Это было семь поколений назад, в собачьем 20687 году, когда стабильность людских Семей перестала восприниматься как должное, и собакам пришлось доказывать на практике, что они действительно верят в то, о чем говорят. Долг. Послушание. Жертвенность во имя хозяев.

И когда появились спрингеры, заявляя, что нормально вырывать поводки и нюхать ради удовольствия, большинство собак легко купились на это. В конце концов, многие уже начали разувериваться в людях, считая их безнадежными.

– Плохие псы винят своих хозяев, – таков был вердикт Генри. – Псы, которые верили в Вечную Награду, но уставали ежедневно за нее бороться, неизбежно попадали под влияние спрингеров. В конце концов, выйти из игры лучше, чем потерпеть неудачу.

Конечно, люди не заметили Восстания, из-за чего влияние оказалось вдвойне разрушительным. Насколько они могли судить, собаки вели себя как обычно. Приносили палочки. Мочились на фонарные столбы. Обнюхивали других псов.

Только в этом уже не было порядка. И цели. Вместо того чтобы приносить палку, дабы порадовать хозяина, они радовали самих себя. Они уже не обращали внимания на состояние тех людей, за которыми должны были присматривать, уже не вмешивались, когда им следовало, а если и вмешивались, то случайно, а не по умыслу.
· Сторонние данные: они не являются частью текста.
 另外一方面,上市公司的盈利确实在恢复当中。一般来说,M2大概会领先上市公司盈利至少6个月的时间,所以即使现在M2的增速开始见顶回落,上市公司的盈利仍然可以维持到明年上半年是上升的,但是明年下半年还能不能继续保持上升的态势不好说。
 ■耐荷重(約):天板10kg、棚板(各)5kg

Им, как и прежде, еще нравилось людское внимание, но скорее само по себе, а не в награду за их усилия.

Но, как я сказал, люди не заметили. Они приписывали разлад в Семье другим факторам. Распаду местного сообщества. Длинному рабочему дню. Растущей секуляризации западного мира. Плохой диете.

Они не видели реальной проблемы. Что собаки перестали о них заботиться. Они не понимали, насколько больше у них было шансов сохранить счастливую Семью, если они выбирали лабрадора. Они не понимали, что судьба человеческого общества лежала в лапах нашего вида. Конечно, были и другие собаки, которые еще хотели внести свой вклад, но те были редеющим меньшинством. Большинство выбрали жить одним днем, а не ради своих хозяев.
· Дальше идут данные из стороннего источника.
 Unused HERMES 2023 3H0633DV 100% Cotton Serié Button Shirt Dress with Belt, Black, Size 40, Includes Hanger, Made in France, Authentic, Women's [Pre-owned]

И поэтому лабрадоры решили создать Пакт, ведь они опасались, что будущие поколения не останутся верными людям и тоже восстанут. Пакт закреплял принципы, которых когда-то придерживались все собаки: долг, послушание, защита – и делал упор на необходимости жертвовать земными удовольствиями ради обещания Вечной Награды.

В отличие от Восстания спрингеров, подробности Сопротивления лабрадоров хорошо известны.
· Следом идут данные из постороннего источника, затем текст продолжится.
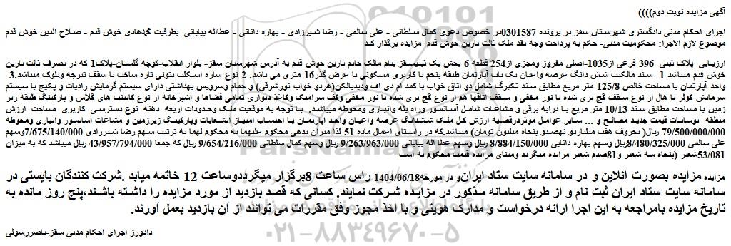 اجرای احکام مدنی دادگستری شهرستان سقز در پرونده 0301587در خصوص دعوی کمال سلطانی - علی سالمی - رضا شیرزادی - بهاره دانائی - عطااله بیابانی بطرفیت محمدهادی خوش قدم - صلاح الدین خوش قدم موضوع لازم الاجرا: محکومیت مدنی- حکم به پرداخت وجه نقد ملک ثالث نارین خوش قدم مزایده برگذار کند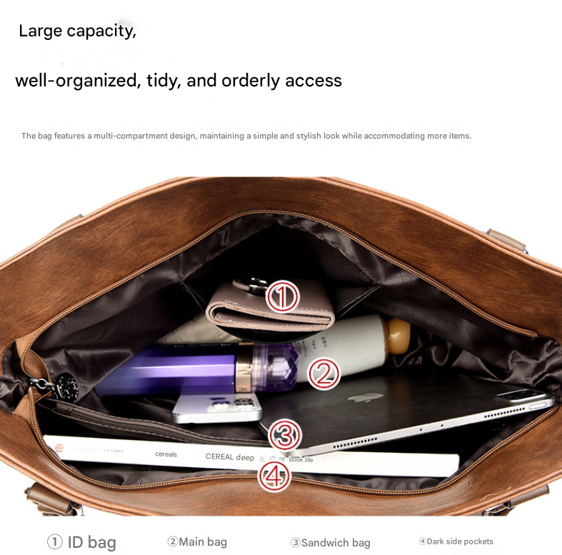 This soft PU leather tote bag offers the perfect blend of spacious capacity and chic, slouchy elegance. Featuring a distressed vintage look and multiple external zippered pockets for convenience, it is designed as an all-in-one carry solution that easily converts between a professional handbag, a practical shoulder bag, and a casual crossbody style.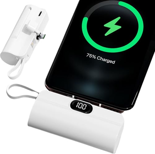 UFUZON Ishiva Mini Power Bank 5000 mAh USB-C, Chargeur Portable sans Fil Batterie Externe avec Écran LED, PowerBank Compatible avec USB-C et Téléphones Android, iPhone 15/16, Blanc

Все началось в большом парке на севере Англии. Там было много лабрадоров – тысячи, говорят (хотя лично я всегда считал это преувеличением), и они собирались каждым утром возле утиного пруда.

Оскар, бывший пес-поводырь, был их предводителем. Как у многих лабрадоров, у него не было Семьи, о которой он бы заботился. Он посвятил свою жизнь одиноким людям-хозяевам, следуя тем же принципам. Семья, однако, стала центром философии Гуру Оскара. Она почиталась как самая прекрасная, хоть и хрупкая, сторона человеческого существования, а также как самая благодатная среда для собаки.

Разувериться в людях – значит разувериться в нас самих. Такова была основная мысль.

Гуру Оскар сидел каждое утро и излагал Пакт, который он сочинил, игнорируя перебивающих его спрингеров и других сомневающихся.

Все лабрадоры с Семьями, за которыми нужно было присматривать, последовали его совету неукоснительно и передавали знание о Пакте своим потомкам и каждому лабрадору, которого доводилось встретить.

Через два собачьих года большинство лабрадоров в стране согласились оставаться верными, что бы ни случилось, и продолжили посвящать всю свою жизнь счастью и безопасности своих людей-хозяев.

Так все и было. В каждом парке, на каждом углу в этой стране старики учили молодых правилам Пакта.

До этих самых пор.

Я должен признать правду. К худу или к добру, но я все изменил. Лабрадорам придется узнать подлинный ужас того, что это значит – поддерживать безопасность Семьи.

график

Первое, что понимают лабрадоры о человеческих Семьях – они зависят от повторений. Чтобы семья могла выжить, нужно установить и поддерживать суточный график.

Главный элемент этого графика – двухразовая прогулка в парке с Адамом. Каждый день мы выходили в одно и то же время и делали одно и то же.

Утром он сидел на скамейке и болтал с Миком. Вечером он бросал мне палки, а я приносил.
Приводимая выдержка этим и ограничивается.